TASK PROMPT: Leaving out every picture, transcribe the lines from the line that contains "Een stevig stoombad" to the end of the entries below, both ends included.

[Records contained in a dataset]
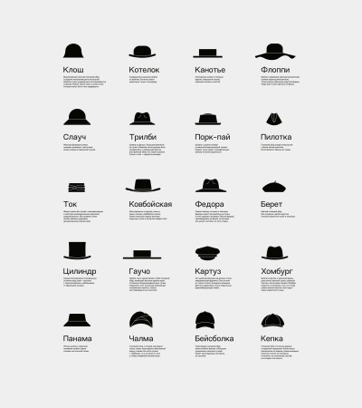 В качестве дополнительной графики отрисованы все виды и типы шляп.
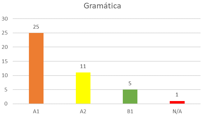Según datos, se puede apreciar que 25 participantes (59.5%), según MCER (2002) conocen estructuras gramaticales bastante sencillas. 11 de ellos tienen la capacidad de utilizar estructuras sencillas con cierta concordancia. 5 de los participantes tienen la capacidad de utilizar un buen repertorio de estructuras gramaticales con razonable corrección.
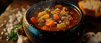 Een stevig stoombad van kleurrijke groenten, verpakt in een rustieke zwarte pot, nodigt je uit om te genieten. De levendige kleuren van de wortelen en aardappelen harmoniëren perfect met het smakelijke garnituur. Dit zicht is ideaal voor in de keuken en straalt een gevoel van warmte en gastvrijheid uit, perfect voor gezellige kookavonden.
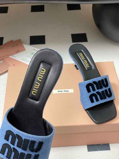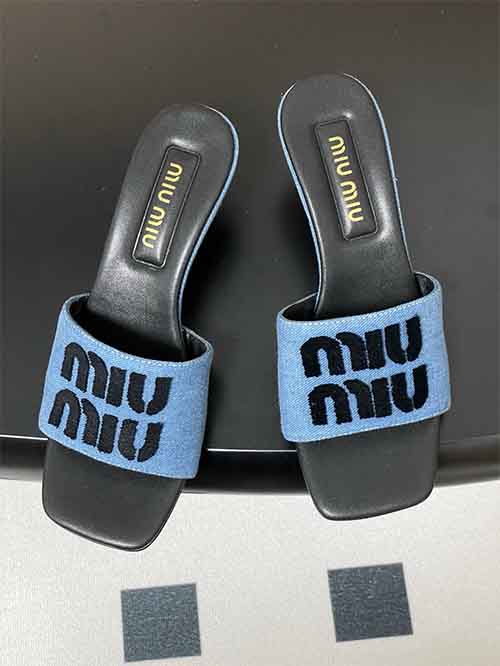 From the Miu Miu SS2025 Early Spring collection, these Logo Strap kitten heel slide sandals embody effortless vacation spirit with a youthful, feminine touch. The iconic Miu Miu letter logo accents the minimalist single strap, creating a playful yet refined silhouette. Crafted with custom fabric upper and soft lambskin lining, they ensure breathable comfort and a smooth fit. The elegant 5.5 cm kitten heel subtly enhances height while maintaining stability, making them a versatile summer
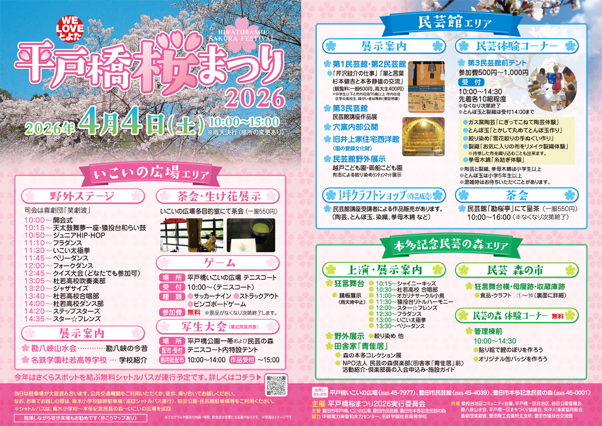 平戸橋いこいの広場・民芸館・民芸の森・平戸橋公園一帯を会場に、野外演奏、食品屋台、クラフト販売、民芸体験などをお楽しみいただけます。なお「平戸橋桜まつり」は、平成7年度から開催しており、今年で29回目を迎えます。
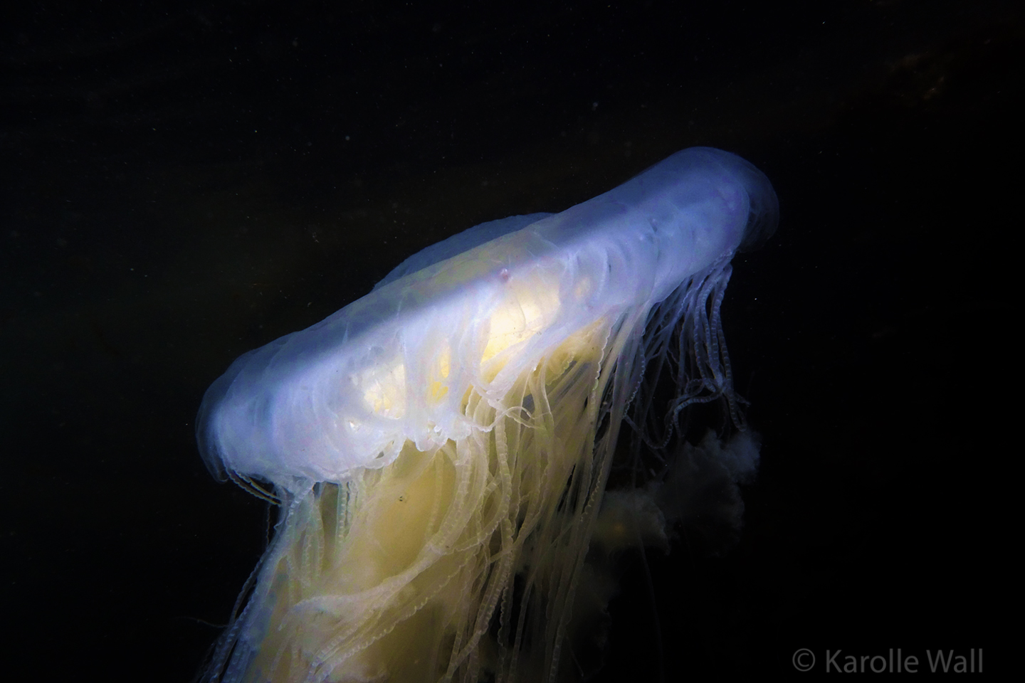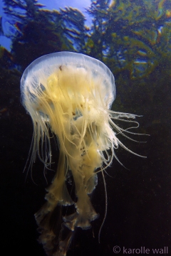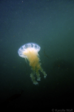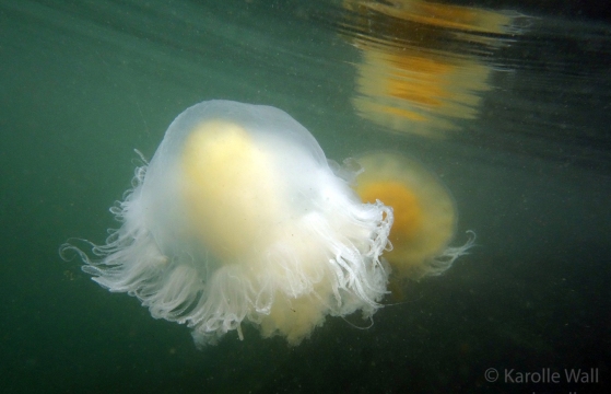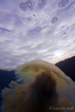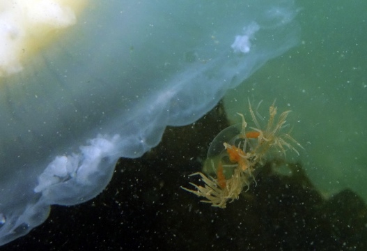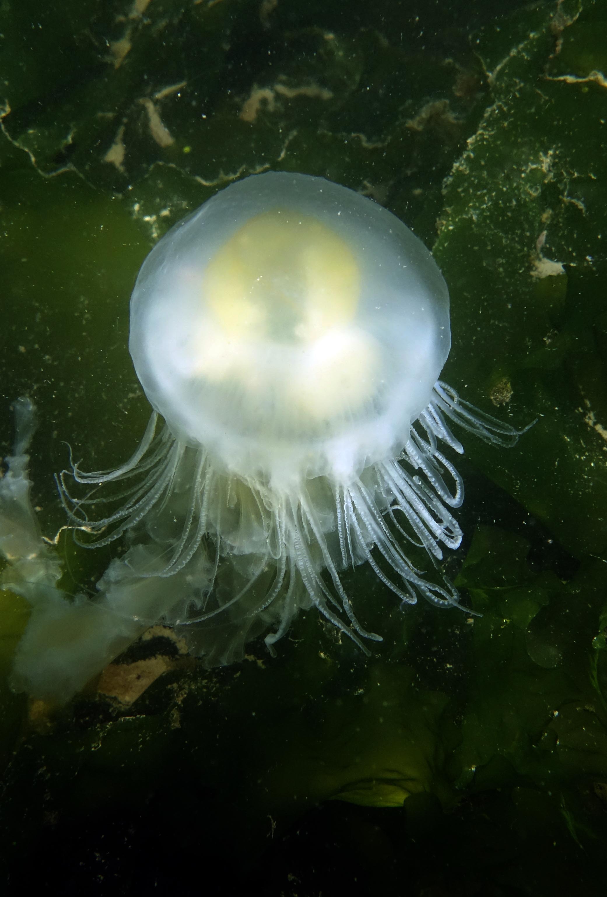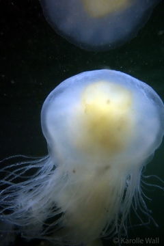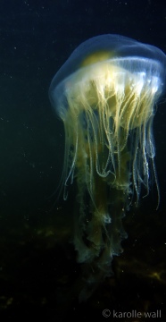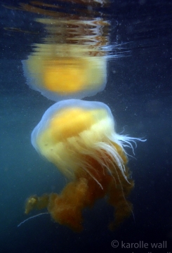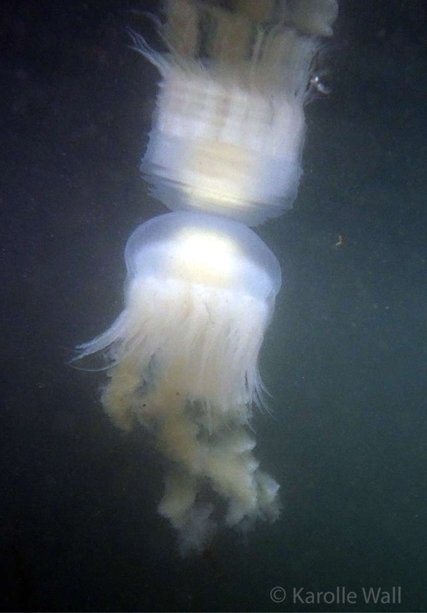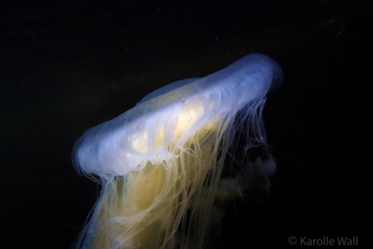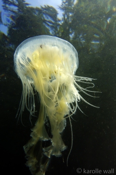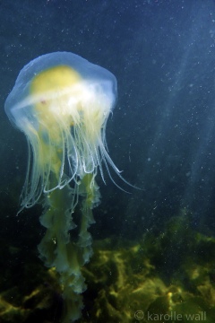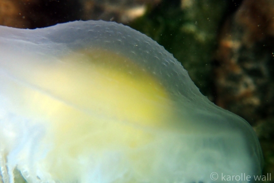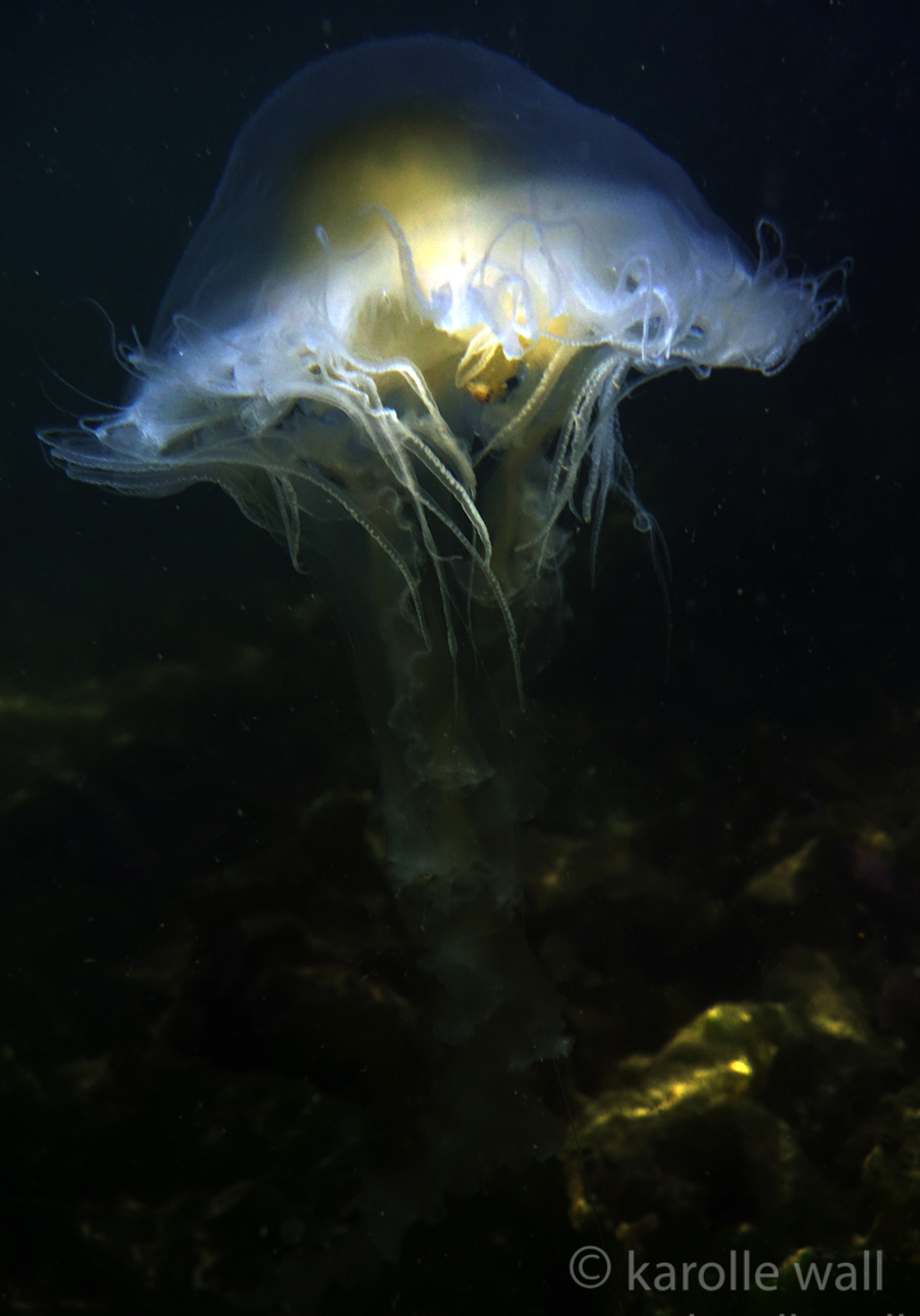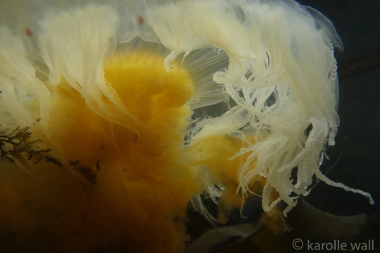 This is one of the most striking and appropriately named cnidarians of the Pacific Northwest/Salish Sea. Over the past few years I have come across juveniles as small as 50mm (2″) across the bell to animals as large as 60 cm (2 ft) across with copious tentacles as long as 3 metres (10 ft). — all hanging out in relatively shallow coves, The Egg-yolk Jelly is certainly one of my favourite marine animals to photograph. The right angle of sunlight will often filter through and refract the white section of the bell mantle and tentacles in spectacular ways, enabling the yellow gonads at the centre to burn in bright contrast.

OUTPUT FOR THIS EXERCISE:
 Een stevig stoombad van kleurrijke groenten, verpakt in een rustieke zwarte pot, nodigt je uit om te genieten. De levendige kleuren van de wortelen en aardappelen harmoniëren perfect met het smakelijke garnituur. Dit zicht is ideaal voor in de keuken en straalt een gevoel van warmte en gastvrijheid uit, perfect voor gezellige kookavonden.
 From the Miu Miu SS2025 Early Spring collection, these Logo Strap kitten heel slide sandals embody effortless vacation spirit with a youthful, feminine touch. The iconic Miu Miu letter logo accents the minimalist single strap, creating a playful yet refined silhouette. Crafted with custom fabric upper and soft lambskin lining, they ensure breathable comfort and a smooth fit. The elegant 5.5 cm kitten heel subtly enhances height while maintaining stability, making them a versatile summer
 平戸橋いこいの広場・民芸館・民芸の森・平戸橋公園一帯を会場に、野外演奏、食品屋台、クラフト販売、民芸体験などをお楽しみいただけます。なお「平戸橋桜まつり」は、平成7年度から開催しており、今年で29回目を迎えます。
 This is one of the most striking and appropriately named cnidarians of the Pacific Northwest/Salish Sea. Over the past few years I have come across juveniles as small as 50mm (2″) across the bell to animals as large as 60 cm (2 ft) across with copious tentacles as long as 3 metres (10 ft). — all hanging out in relatively shallow coves, The Egg-yolk Jelly is certainly one of my favourite marine animals to photograph. The right angle of sunlight will often filter through and refract the white section of the bell mantle and tentacles in spectacular ways, enabling the yellow gonads at the centre to burn in bright contrast.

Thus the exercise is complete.